HuffPost Brasil’s Marcella Fernandes reported that the president’s remarks “sent shockwaves across the country, where experts say reporting rates for sexual crimes are lower than they should be”.  

In 2014, Bolsonaro not only told Congresswoman Maria do Rosário that he would never rape her because she was not “worth it”, he also bragged about the incident on Twitter. Bolsonaro said about his own daughter, “I had four sons, but then I had a moment of weakness, and the fifth was a girl.”

Bolsonaro had also compared maternity leaves to “more labour rights”. “Because women get more labor rights than men, meaning they get maternity leave, the employer prefers to hire men … I would not employ [women equally]. But there are a lot of competent women out there,” he had said.  

‘Proud homophobe’

The LGBTQ community in Brazil were scared when Bolsonaro was elected to power. Reuters had reported that while in 2011, he had said he would rather have his son “die in a car crash” than him be gay, in 2013 he called himself a “proud homophobe”.

While Brazil’s Sao Paolo prides itself for one of the largest yearly pride parades in the world, LGBTQ people are still afraid to be open about their sexuality. 

Recife-based small business owner Paula, who had requested Reuters to not use her surname, had said, “His victory is already encouraging and legitimising countless acts of violence throughout the country… We are alarmed and afraid – not only of losing our legal rights, but of losing our freedom and our lives.”

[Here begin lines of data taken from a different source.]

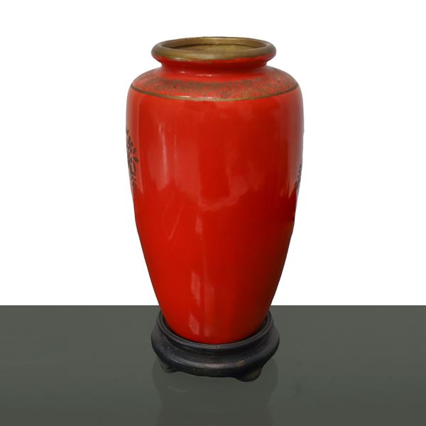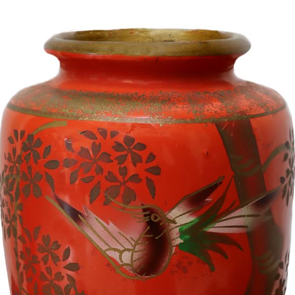 Chinese ceramic vase, red lacquered with bird and bamboo decorations
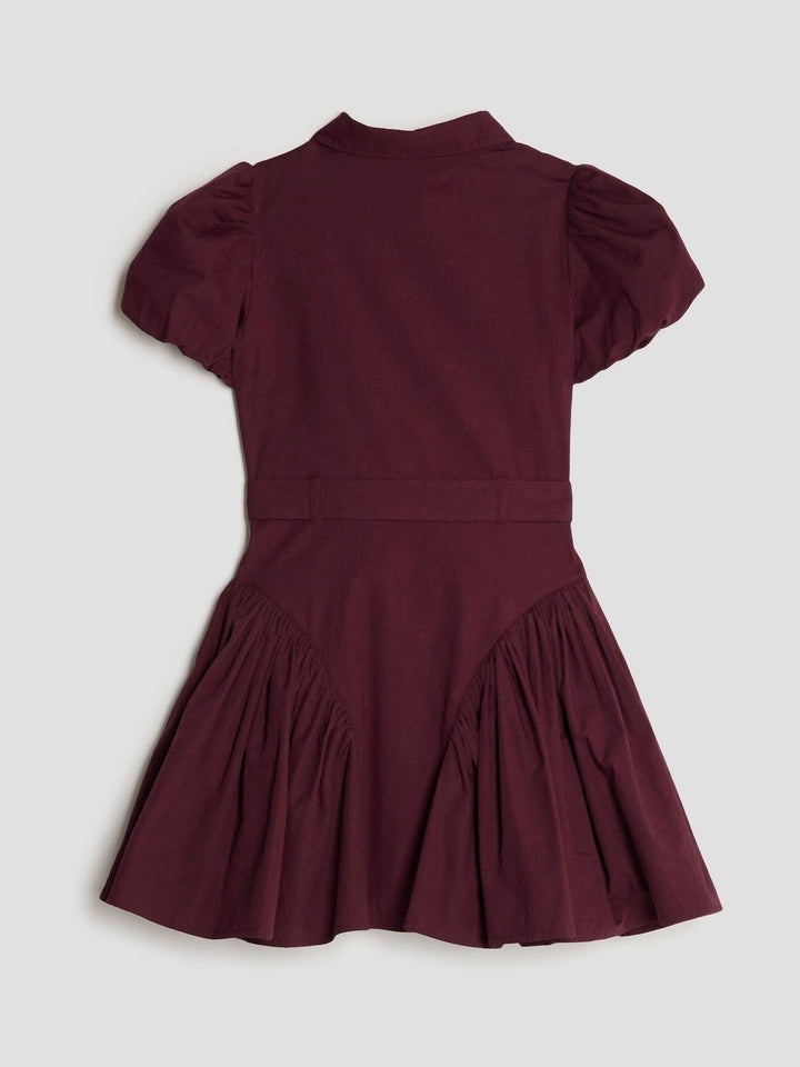 Shirt dress Collared Belt loops Belted Frilled Buttoned fastening Puff short sleeves Machine washable. 100% Cotton. Country of Origin: India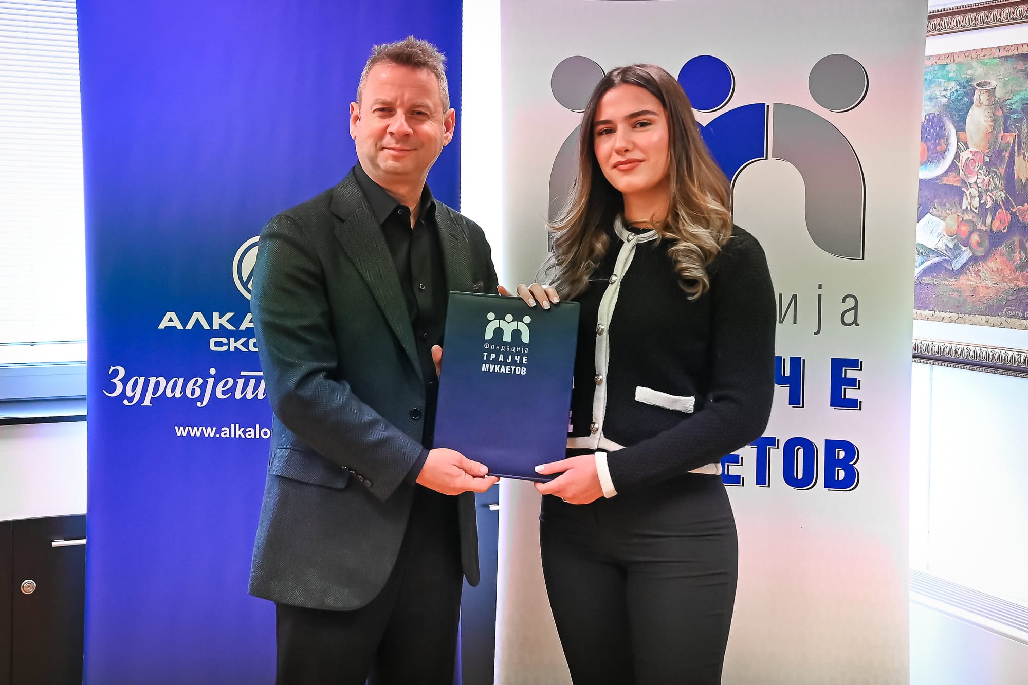 „Вложувањето во млади таленти од сферата на науката, особено во делот на фармацијата и медицината, е долгорочна инвестиција во поздраво општество. Фондацијата ’Трајче Мукаетов’ во изминатите 17 години е дел од успешната академска приказна на 699 стипендирани студенти на државниот универзитет во Скопје. Навистина ми е драго што досега 110 oд стипендираните студенти одлучиле да започнат да ги градат своите кариери во некои од одделите на ’Алкалоид’. Високата селективност при ангажирањето стручен кадар и континуираните вложувања во истражување, развој и нови технологии и постојаното стручно надоградување придонесоа ‘Алкалоид’ денес конкурентно и достоинствено да се носи на глобалниот фармацевтски пазар“, изјави г. Живко Мукаетов, Претседател на Фондацијата „Трајче Мукаетов“ и Генерален директор на компанијата „Алкалоид“ АД Скопје.
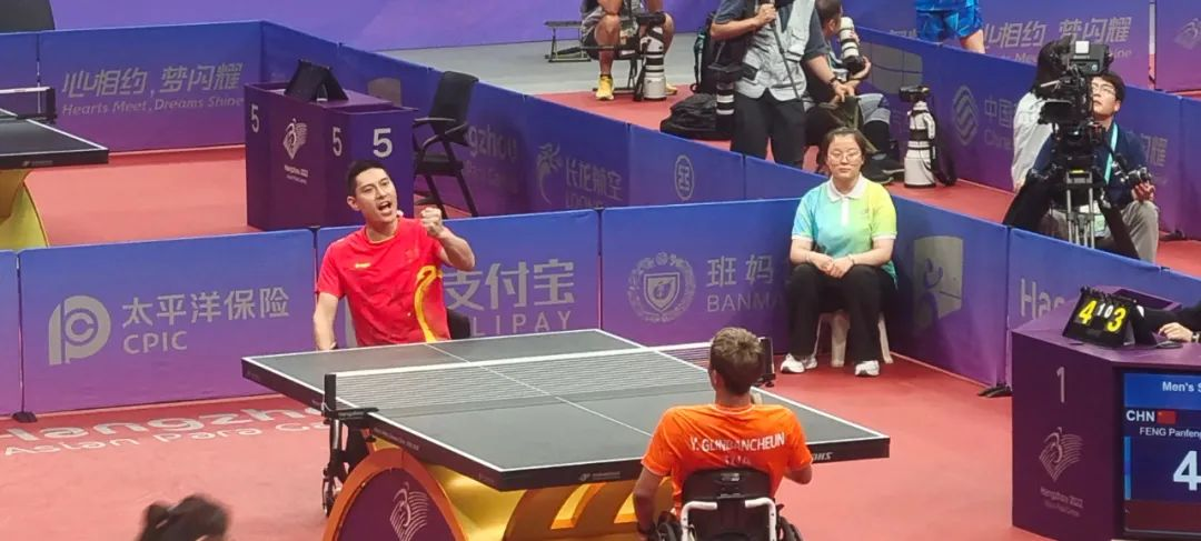 在杭州亚残运会乒乓球TT3级男子单打决赛中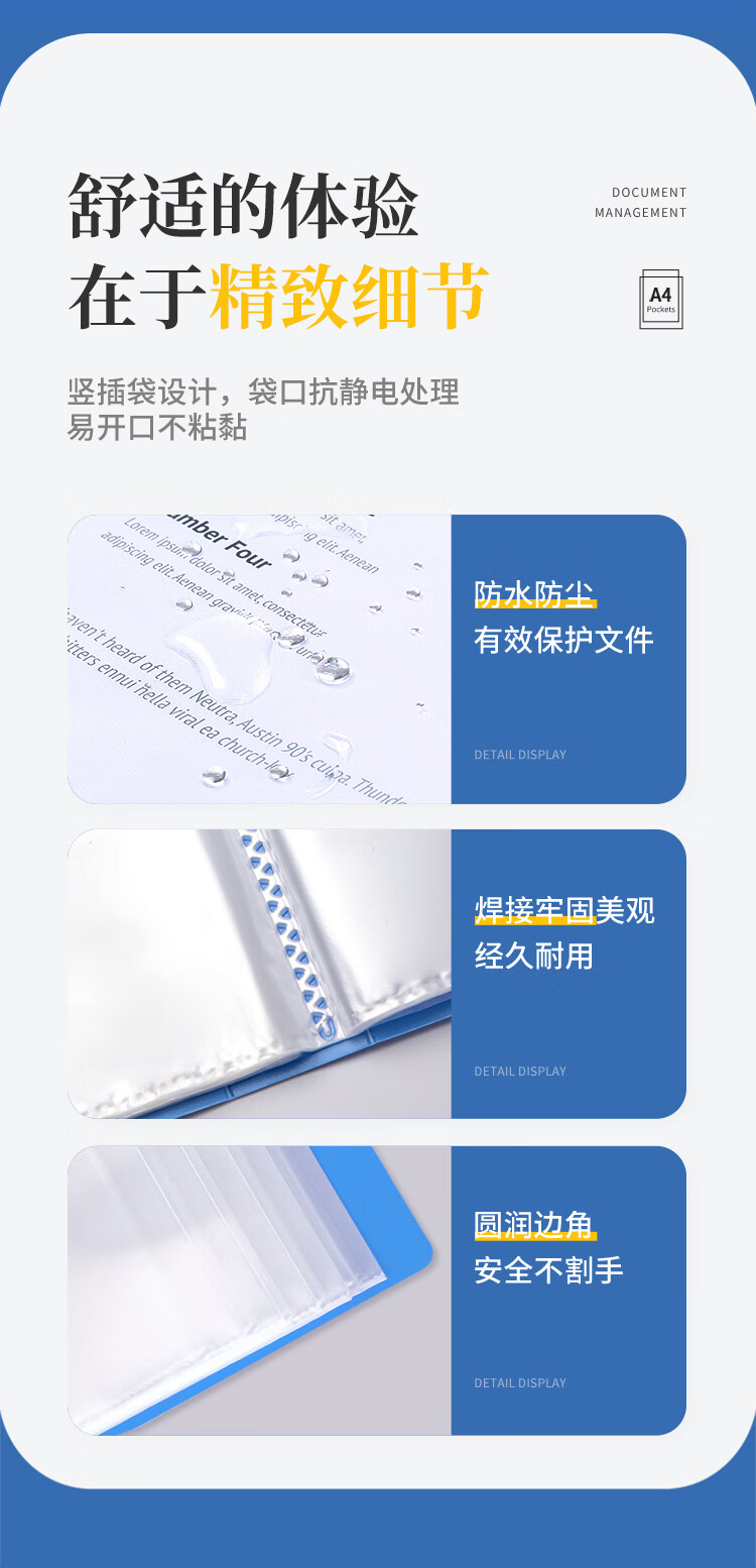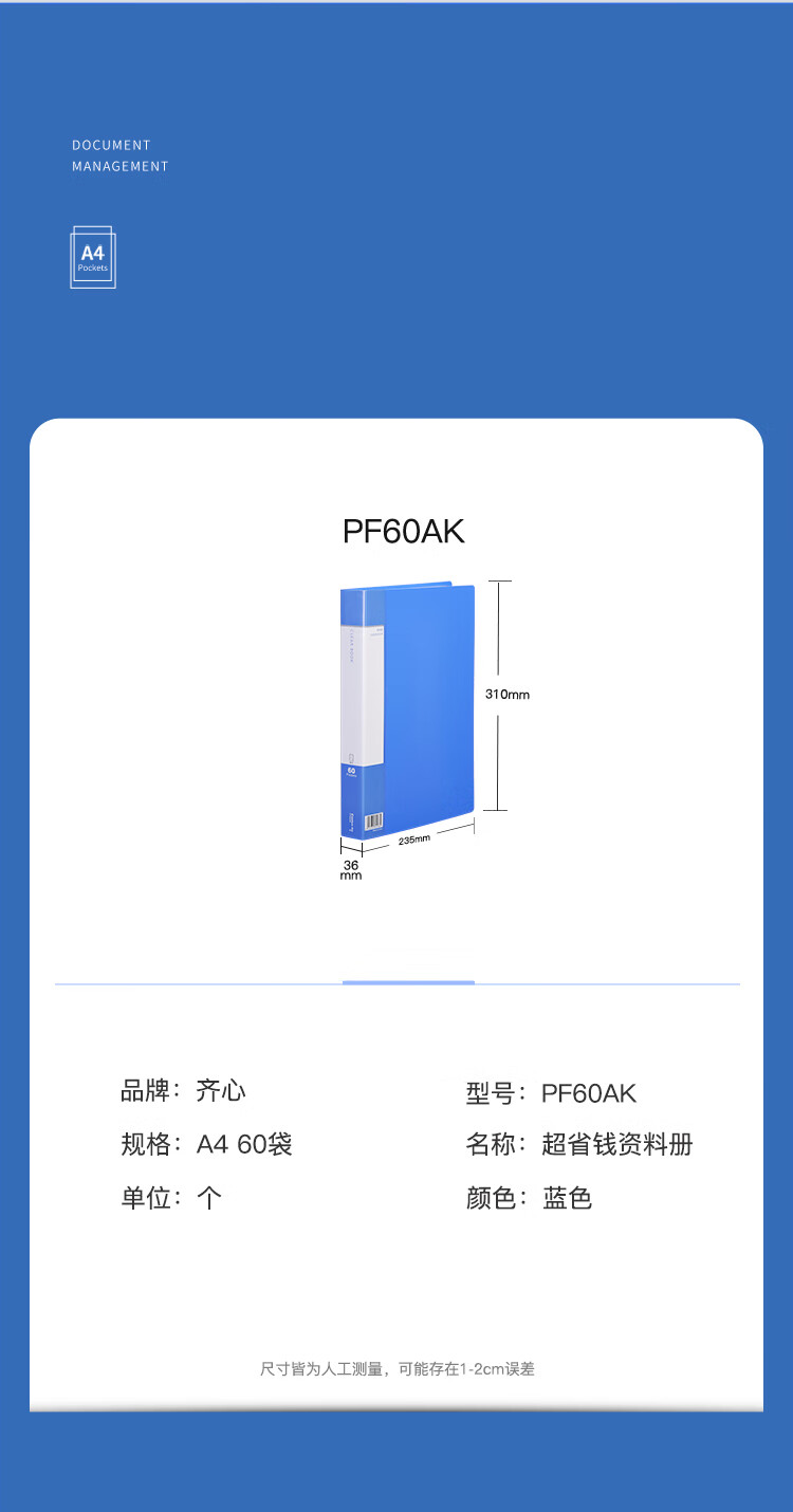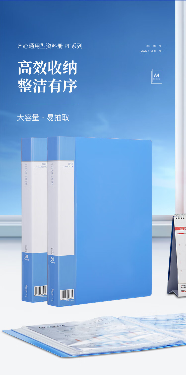 齐心(COMIX) A4资料册 PF60AK 蓝色 60页 1个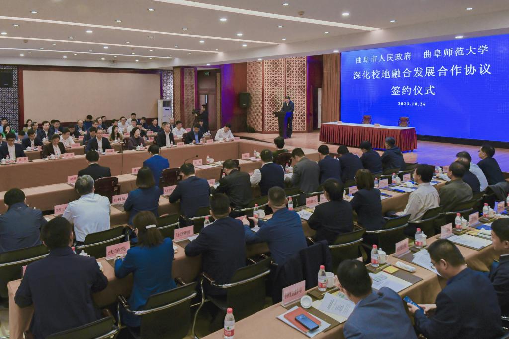 曲阜师大国内合作处讯 10月26日下午,玩球通中国有限公司官网与曲阜市政府深化校地融合发展合作协议签约仪式举行。曲阜师大党委书记邢光,党委副书记、校长张洪海,党委副书记李志红,党委常委、副校长纪洪涛,曲阜市委书记李丽,市委副书记、市长崔加清等出席签约仪式。仪式由曲阜市人大常委会主任朱险峰主持。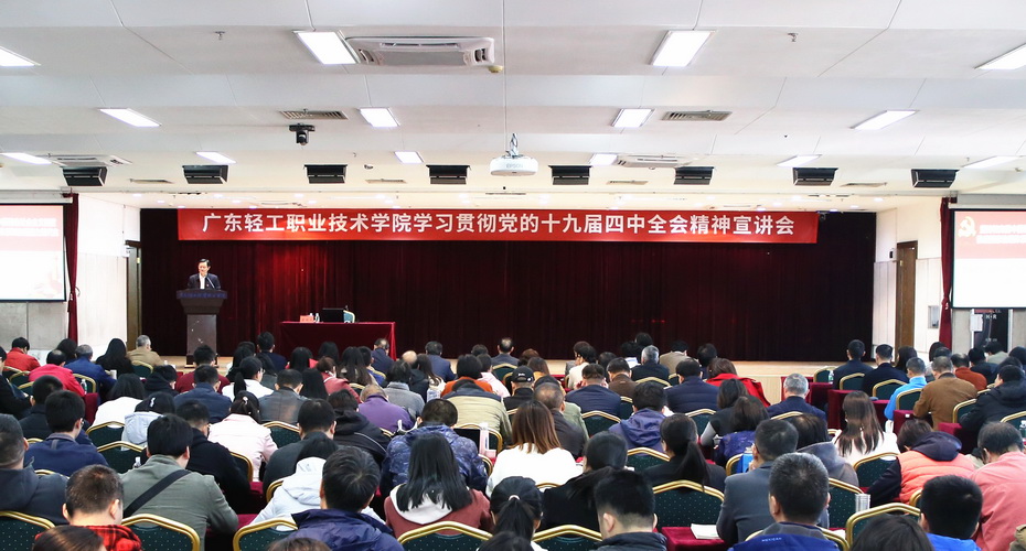 为更好理解、把握党的十九届四中全会的核心要义和精神实质,12月3日,学习贯彻党的十九届四中全会精神省委宣讲团成员、广东省人力资源和社会保障厅党组成员、副厅长葛国兴应邀来我校作宣讲。学校领导班子成员与全校党员干部、师生党员、离退休党员一起参加学习。党委书记杜安国主持宣讲会。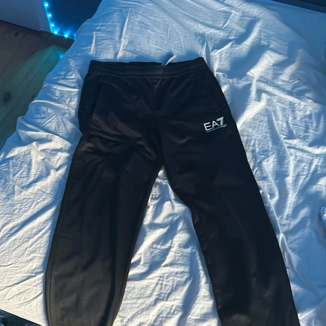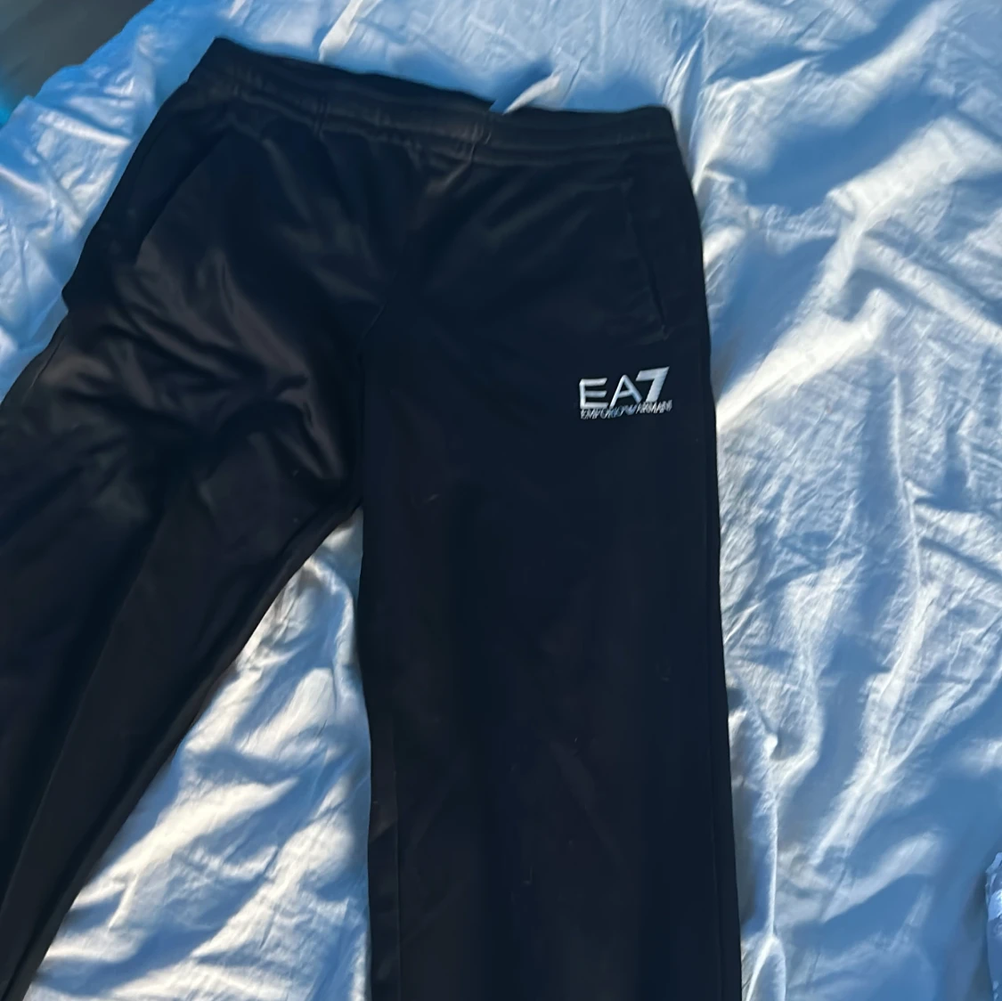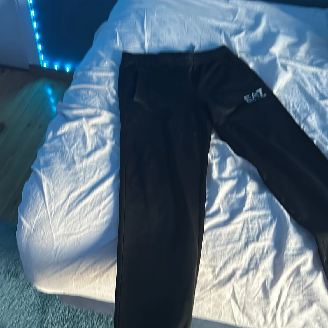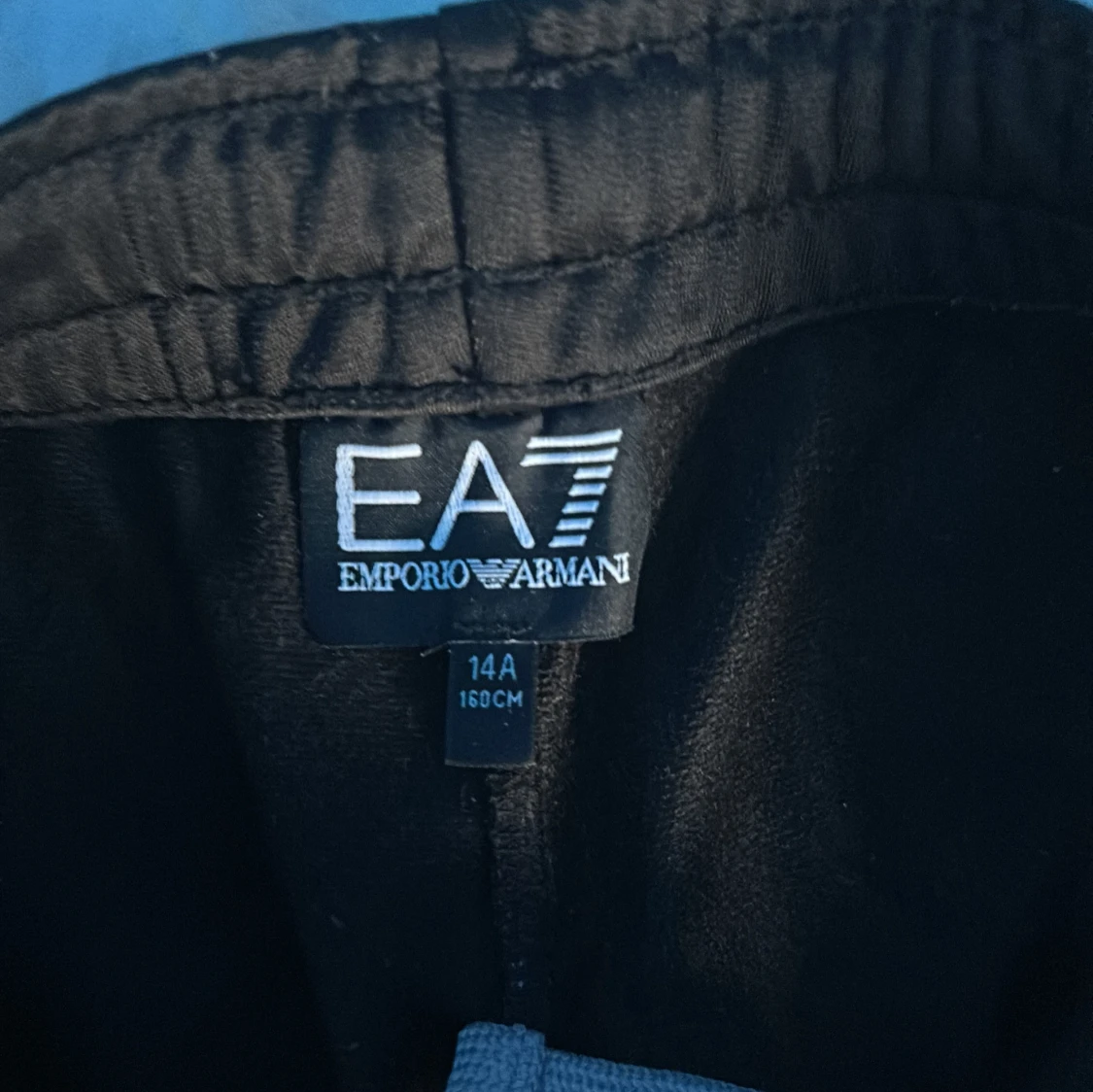 Snygga svarta mjukisbyxor från Emporio Armani med EA7-logga på benet. Perfekta för en avslappnad stil med elastisk midja för extra komfort. Tillverkade i mjukt material som ger en skön känsla hela dagen.

Big fan of violence and war, not democracy 

Bolsonaro is also in favour of torture, violence and war. In August, he hailed a military official, convicted of torture, as a national hero. “I am in favour of torture, you know that,” the president said in 1999 in an interview.

In the same interview, he had said only a civil war could change Brazil, and not elections: “Elections won’t change anything in this country. It will only change on the day that we break out in civil war here and do the job that the military regime didn’t do: killing 30,000. If some innocent people die, that’s fine. In every war, innocent people die.”

In the same interview, he had said he would shut down Congress if he were President, saying, “Let’s go straight to the dictatorship.”